Hey guys I'm a total newbie to creating cohorts and would really appreciate, if i receive any help (through python code or sql query)... lets assume the bike-taxi ride(similar to uber) data-set as below:
**Note:**columns relevant for the cohort creation are 'timestamp' and 'custid'.
I tried referring to gregred( http://www.gregreda.com/2015/08/23/cohort-analysis-with-python/.)
However am losing on the weekly analysis base.
timestamp custID lat1 lng1 lat2 lng2
==================================================================
2018-04-07 7:07:17 14626 12.3136215 76.658195 12.287301 76.60228
2018-04-07 7:32:27 85490 12.943947 77.560745 12.954014 77.54377
2018-04-07 7:36:44 5408 12.899603 77.5873 12.93478 77.56995
2018-04-07 7:38:00 58940 12.918229 77.607544 12.968971 77.636375
2018-04-07 7:39:29 5408 12.89949 77.58727 12.93478 77.56995
2018-04-07 7:43:08 5408 12.899421 77.587326 12.93478 77.56995
2018-04-07 7:43:55 50266 12.898679 77.60434 12.877949 77.5959
2018-04-07 7:52:31 58940 12.918229 77.607544 12.968971 77.636375
2018-04-07 7:52:42 58940 12.918229 77.607544 12.968971 77.636375
2018-04-07 7:53:23 28126 12.91184 77.60225 12.940866 77.54071
2018-04-07 7:55:05 99251 12.87466 77.61951 12.896871 77.60847
2018-04-07 7:55:24 99251 12.87466 77.61951 12.896871 77.60847
2018-04-07 8:00:04 34808 12.989711 77.65381 12.939158 77.73467
2018-04-07 8:00:16 34808 12.989711 77.65381 12.939158 77.73467
2018-04-07 8:03:16 89714 12.868537 77.65304 12.972006 77.59487
2018-04-07 8:03:24 89714 12.868537 77.65304 12.972006 77.59487
2018-04-07 8:07:16 82060 12.987069 77.57703 12.970017 77.577934
2018-04-07 8:08:57 18815 12.933479 77.57087 12.961353 77.57457
2018-04-07 8:11:35 38288 12.886039 77.64894 12.902692 77.62253
2018-04-07 8:17:24 80401 12.990636 77.67494 12.962719 77.5876
2018-04-07 8:20:51 89225 12.99445 77.729546 12.980993 77.69732
from the above mocked dataset, the objective is to Calculate Week-on-week cohorts for customers taking rides in that week, an example cohort output is shown as follows.

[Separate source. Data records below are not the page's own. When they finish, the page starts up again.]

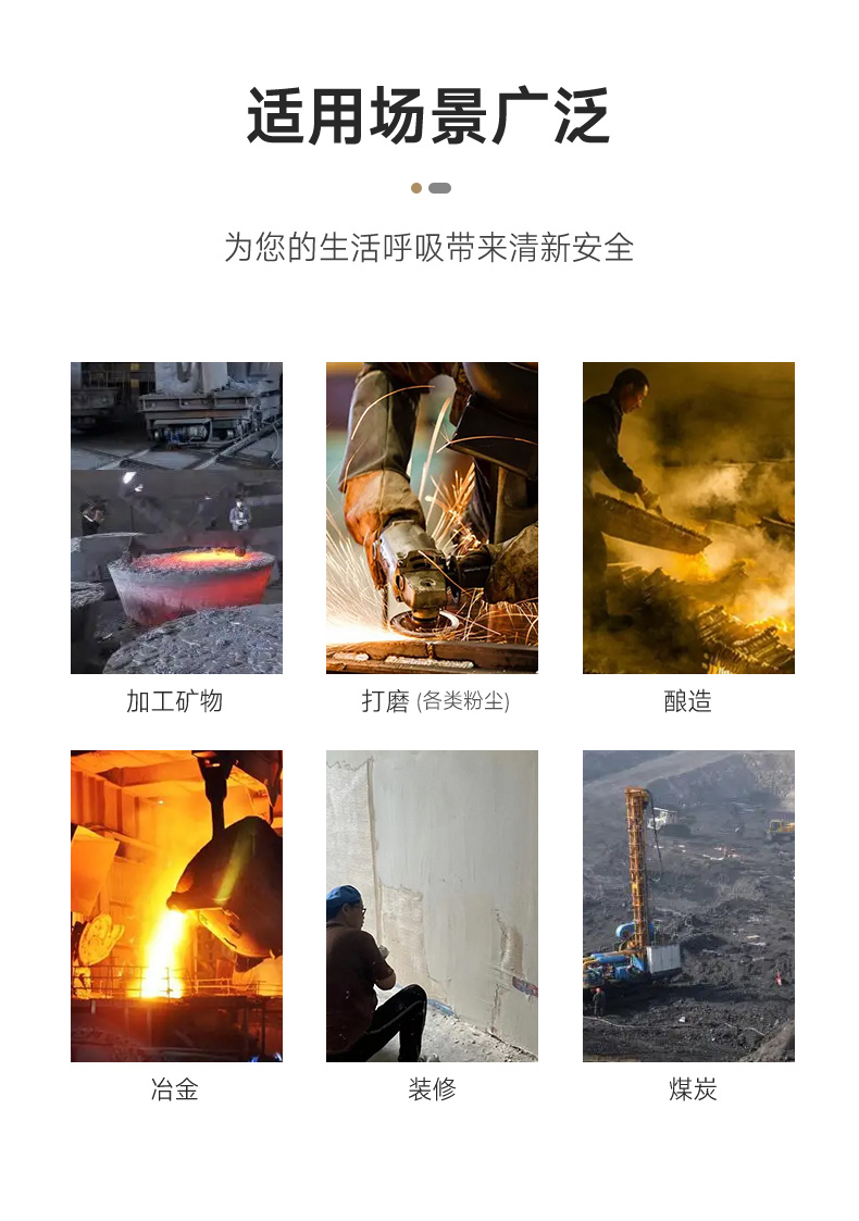 可應(yīng)用于加工礦物、建筑、煤炭、打磨、冶煉、裝修、打磨等作業(yè)時(shí)產(chǎn)生的粉塵防護(hù),可用于防護(hù)各種顆粒物,包括電金屬煙、油煙、玻璃纖維、碳纖維等顆粒物。
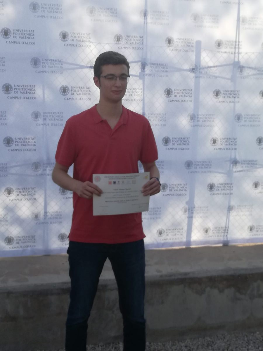 Víctor Alonso, alumno de 2º de Bachillerato, ha obtenido el tercer puesto en la Prova Cangur 2018 de matemáticas entre un total de 704 participantes en su categoría del nivel 6. La entrega de premios se celebró en el Salón de Grados Roberto García Payá del Campus de Alcoy de la Universitat Politècnica de València UPV.
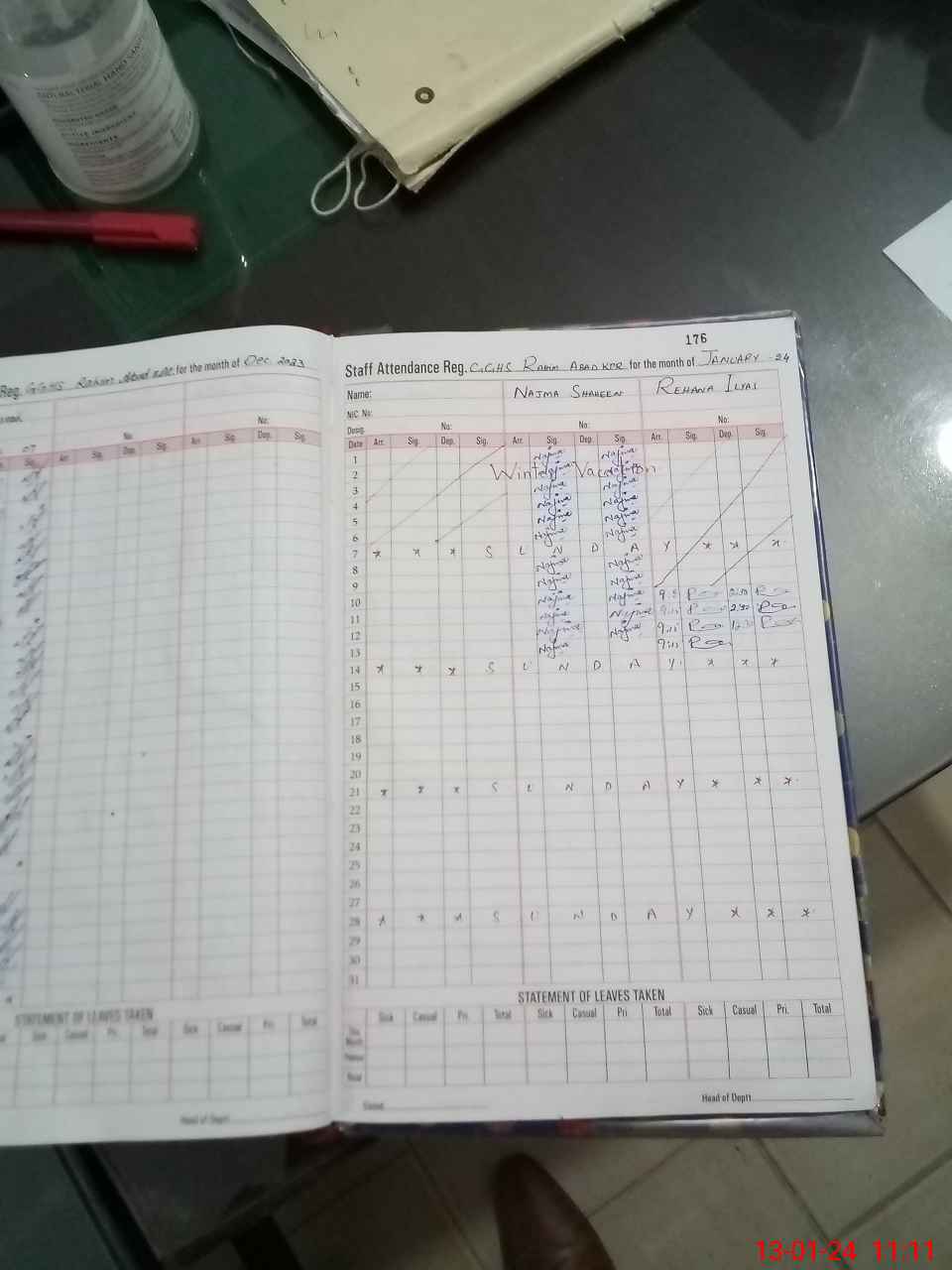 | Leave | Duty | Absent | Maternity | Medical | Ex- Pak |
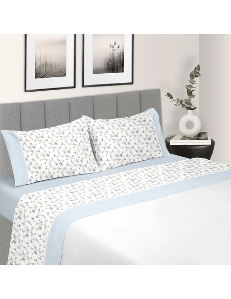 Lençol superior e fronhas com estampado digital e vivos
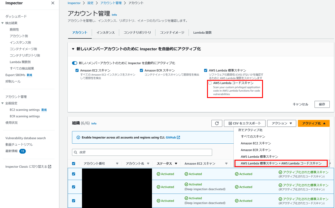「アクティブ化」から「AWS Lambda標準スキャン + AWS Lambdaコードスキャン」を押下します。

Input query format: STARTING WEEK, NUMBER OF WEEKS
Input Sample: Week 1, 3 weeks
Output Sample:
week1 week2 week3
week1 100 80 90
week2 200 70
week3 100
Input query format: STARTING Date, NUMBER OF WEEKS
Input: 1/12/2019, 3 weeks
Output Sample:
1/12/2019 8/12/2019 16/12/2019
1/12/2019 100 80 90
8/12/2019 200 70
16/12/2019 100
Interpretation:
● 100 customers were active on the week of 1st.
○ Out of which 80 came back on 8th week
○ Out of which 90 came back on 16th week
● 200 new customers were active on the week of 8th
○ Out of which 70 came back on week of 16th.
Is there any pythonic way (either through pandas) or query way (through sql) to calculate the cohort outputs in the above formats.